By Cameron Kerkau, Staff Reporter.
In my experience, many adults require certain qualifiers in order for them to enjoy media entertainment. For example, there is a certain kind of comic book fan that demands material that is darker and grittier, and is therefore, somehow, more “realistic.” They’re quick to scowl at the campiness of the 1960s Batman show while they shove Alan Moore’s “The Killing Joke” in the faces of anyone that dare think the character is meant for children. It’s as if they need to prove to everyone around them (and themselves) that a man in bat pajamas is something to be taken seriously, otherwise they wouldn’t be able to enjoy it. You can say what you will about Adam West’s Batman, but at least he knew what he was.
Ironically, Moore made headlines back in 2014 as an angry old man when he denounced the adult superhero fan saying, “To my mind, this embracing of what were unambiguously children’s characters at their mid-20th century inception seems to indicate a retreat from the admittedly overwhelming complexities of modern existence.”
While Moore is clearly an old man (and very clearly angry), I wouldn’t say that he is entirely incorrect. It shouldn’t come as a surprise to anyone that comic books and their related media are largely a form of escapism. Though, to me, demonizing escapism is a waste of time. After all, no form of entertainment could distract the public so dramatically that it truly neglects modern existence. I would argue that Moore’s sentiments are almost backward. It seems to me, that much more often than allowing escapism, superhero stories as a whole have been overwhelmingly drowned in the “complexities of modern existence.”

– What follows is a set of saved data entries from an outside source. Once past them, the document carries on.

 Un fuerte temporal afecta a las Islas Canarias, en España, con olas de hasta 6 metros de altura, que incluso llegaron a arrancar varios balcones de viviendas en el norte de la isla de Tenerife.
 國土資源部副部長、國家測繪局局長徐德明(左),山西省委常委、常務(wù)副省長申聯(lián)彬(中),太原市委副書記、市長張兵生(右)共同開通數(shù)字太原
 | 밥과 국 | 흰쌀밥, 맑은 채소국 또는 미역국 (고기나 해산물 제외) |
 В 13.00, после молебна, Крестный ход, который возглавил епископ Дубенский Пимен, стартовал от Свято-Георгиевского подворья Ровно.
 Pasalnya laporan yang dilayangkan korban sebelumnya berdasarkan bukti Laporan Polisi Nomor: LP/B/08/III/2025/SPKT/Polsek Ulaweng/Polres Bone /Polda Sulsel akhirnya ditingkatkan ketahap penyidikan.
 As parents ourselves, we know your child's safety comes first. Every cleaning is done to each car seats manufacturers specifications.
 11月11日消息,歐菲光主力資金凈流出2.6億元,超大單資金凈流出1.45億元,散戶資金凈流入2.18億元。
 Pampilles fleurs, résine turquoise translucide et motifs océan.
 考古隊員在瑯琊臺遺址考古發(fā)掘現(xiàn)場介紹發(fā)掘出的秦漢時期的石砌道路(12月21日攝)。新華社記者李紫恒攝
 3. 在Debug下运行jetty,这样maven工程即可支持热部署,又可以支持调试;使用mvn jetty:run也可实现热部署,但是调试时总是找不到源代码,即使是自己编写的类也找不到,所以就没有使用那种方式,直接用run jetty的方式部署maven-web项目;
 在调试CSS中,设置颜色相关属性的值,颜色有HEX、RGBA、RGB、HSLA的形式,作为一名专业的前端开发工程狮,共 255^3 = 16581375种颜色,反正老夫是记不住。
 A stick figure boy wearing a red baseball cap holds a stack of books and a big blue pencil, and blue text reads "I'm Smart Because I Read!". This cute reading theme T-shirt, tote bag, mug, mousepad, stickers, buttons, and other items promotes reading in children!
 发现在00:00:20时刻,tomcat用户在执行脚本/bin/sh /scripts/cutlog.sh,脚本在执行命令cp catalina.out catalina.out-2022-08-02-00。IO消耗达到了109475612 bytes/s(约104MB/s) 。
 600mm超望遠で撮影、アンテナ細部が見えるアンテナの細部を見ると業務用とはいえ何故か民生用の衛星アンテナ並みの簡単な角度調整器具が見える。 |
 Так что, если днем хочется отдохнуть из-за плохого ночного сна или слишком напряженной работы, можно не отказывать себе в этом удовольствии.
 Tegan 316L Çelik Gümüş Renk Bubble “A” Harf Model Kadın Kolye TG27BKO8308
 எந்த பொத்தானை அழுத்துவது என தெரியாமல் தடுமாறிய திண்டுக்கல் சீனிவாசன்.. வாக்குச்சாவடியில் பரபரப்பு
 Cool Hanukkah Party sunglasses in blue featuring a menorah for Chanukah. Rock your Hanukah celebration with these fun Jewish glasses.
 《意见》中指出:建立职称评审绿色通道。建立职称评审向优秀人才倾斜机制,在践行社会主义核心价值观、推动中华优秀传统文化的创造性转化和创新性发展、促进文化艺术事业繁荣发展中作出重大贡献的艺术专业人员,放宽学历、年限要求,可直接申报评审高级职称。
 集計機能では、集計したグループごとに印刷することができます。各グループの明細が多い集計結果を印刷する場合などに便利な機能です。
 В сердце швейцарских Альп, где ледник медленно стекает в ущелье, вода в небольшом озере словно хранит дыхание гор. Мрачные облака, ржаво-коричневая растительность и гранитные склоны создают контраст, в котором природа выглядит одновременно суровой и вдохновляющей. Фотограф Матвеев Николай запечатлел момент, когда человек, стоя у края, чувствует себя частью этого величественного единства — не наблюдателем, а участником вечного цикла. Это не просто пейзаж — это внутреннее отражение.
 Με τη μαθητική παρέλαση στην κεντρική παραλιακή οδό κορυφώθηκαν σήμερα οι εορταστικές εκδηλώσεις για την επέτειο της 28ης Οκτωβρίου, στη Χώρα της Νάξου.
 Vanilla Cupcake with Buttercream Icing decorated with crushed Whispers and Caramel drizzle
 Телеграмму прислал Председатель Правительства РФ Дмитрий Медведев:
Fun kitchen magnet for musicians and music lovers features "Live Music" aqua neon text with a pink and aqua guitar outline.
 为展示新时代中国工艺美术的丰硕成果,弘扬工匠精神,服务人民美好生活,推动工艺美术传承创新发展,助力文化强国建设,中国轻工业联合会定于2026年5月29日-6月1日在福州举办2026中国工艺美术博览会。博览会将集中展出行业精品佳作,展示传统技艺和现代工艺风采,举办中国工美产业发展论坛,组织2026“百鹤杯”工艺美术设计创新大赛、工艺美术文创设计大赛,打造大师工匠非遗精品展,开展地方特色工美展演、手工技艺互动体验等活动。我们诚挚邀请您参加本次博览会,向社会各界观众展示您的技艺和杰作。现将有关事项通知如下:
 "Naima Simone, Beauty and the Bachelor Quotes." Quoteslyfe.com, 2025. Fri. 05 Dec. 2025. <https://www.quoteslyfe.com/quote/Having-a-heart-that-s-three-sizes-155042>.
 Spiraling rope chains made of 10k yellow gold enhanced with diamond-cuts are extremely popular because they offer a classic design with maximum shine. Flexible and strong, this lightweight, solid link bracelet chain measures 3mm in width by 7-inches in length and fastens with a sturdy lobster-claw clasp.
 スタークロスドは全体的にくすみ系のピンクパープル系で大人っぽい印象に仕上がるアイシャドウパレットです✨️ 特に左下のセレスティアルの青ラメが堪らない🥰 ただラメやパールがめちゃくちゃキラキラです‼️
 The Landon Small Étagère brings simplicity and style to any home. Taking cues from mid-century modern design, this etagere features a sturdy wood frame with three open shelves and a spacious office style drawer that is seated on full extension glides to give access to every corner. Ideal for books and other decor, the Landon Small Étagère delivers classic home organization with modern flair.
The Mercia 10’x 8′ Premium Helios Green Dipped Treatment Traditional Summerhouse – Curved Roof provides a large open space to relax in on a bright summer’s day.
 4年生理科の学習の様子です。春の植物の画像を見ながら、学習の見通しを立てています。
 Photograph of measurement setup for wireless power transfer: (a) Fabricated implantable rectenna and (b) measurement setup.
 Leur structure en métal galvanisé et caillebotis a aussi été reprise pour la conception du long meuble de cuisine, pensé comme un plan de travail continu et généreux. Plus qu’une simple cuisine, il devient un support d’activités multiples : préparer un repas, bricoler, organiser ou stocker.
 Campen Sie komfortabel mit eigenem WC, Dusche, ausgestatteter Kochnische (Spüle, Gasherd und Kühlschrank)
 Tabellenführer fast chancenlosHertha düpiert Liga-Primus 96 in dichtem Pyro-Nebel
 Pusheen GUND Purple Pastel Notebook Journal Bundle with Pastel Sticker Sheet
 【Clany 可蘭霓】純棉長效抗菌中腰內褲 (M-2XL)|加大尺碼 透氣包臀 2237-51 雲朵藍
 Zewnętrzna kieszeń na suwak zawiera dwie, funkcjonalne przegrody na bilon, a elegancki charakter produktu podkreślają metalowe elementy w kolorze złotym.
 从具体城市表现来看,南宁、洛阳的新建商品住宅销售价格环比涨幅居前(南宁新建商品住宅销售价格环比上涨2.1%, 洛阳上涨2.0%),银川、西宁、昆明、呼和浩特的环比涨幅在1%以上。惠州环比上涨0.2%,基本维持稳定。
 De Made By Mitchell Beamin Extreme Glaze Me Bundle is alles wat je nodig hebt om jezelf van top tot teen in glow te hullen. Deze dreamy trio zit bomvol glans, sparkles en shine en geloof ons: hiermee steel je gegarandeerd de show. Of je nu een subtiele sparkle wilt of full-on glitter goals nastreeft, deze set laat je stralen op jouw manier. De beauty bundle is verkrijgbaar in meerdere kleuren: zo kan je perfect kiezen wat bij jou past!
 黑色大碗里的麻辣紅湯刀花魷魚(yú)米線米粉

Just because the world is a shitty place sometimes doesn’t mean that we need to be sad all of the time and make art that makes us sadder. Superhero comics have always held commentary on society without being drenched in blood, realism or global politics. Take, for instance, the X-Men, who, since their creation, have dealt with prejudice in stories that were as emotionally charged as they were fantastical. Minorities of any age could relate to the struggles of the X-Men while enjoying their trips through space or to the living island Krakoa.
Realism is the strangest thing to ask of a comic book. Grant Morrison says it best in his book “Supergods” when he writes “Adults…struggle desperately with fiction, demanding constantly that it conform to the rules of everyday life. Adults foolishly demand to know how Superman can possibly fly, or how Batman can possibly run a multibillion-dollar business empire during the day and fight crime at night, when the answer is obvious even to the smallest child: because it’s not real.”
Details like these only burden comic books and their related media. The more time that is spent explaining the minutiae of Superman’s powers, the less time is spent on examining what a flying man with a paragonal moral compass can say about ourselves and the world around us. The only realism that should be necessary in a comic book is emotional realism. Give us characters that we can relate to and root for while they do impossible things and go on unreal adventures. Screw the details. Ultra violence and long-winded scientific explanations aren’t realistic anyway and a Spider-Man comic that’s too dark for your kid brother to read is pointless.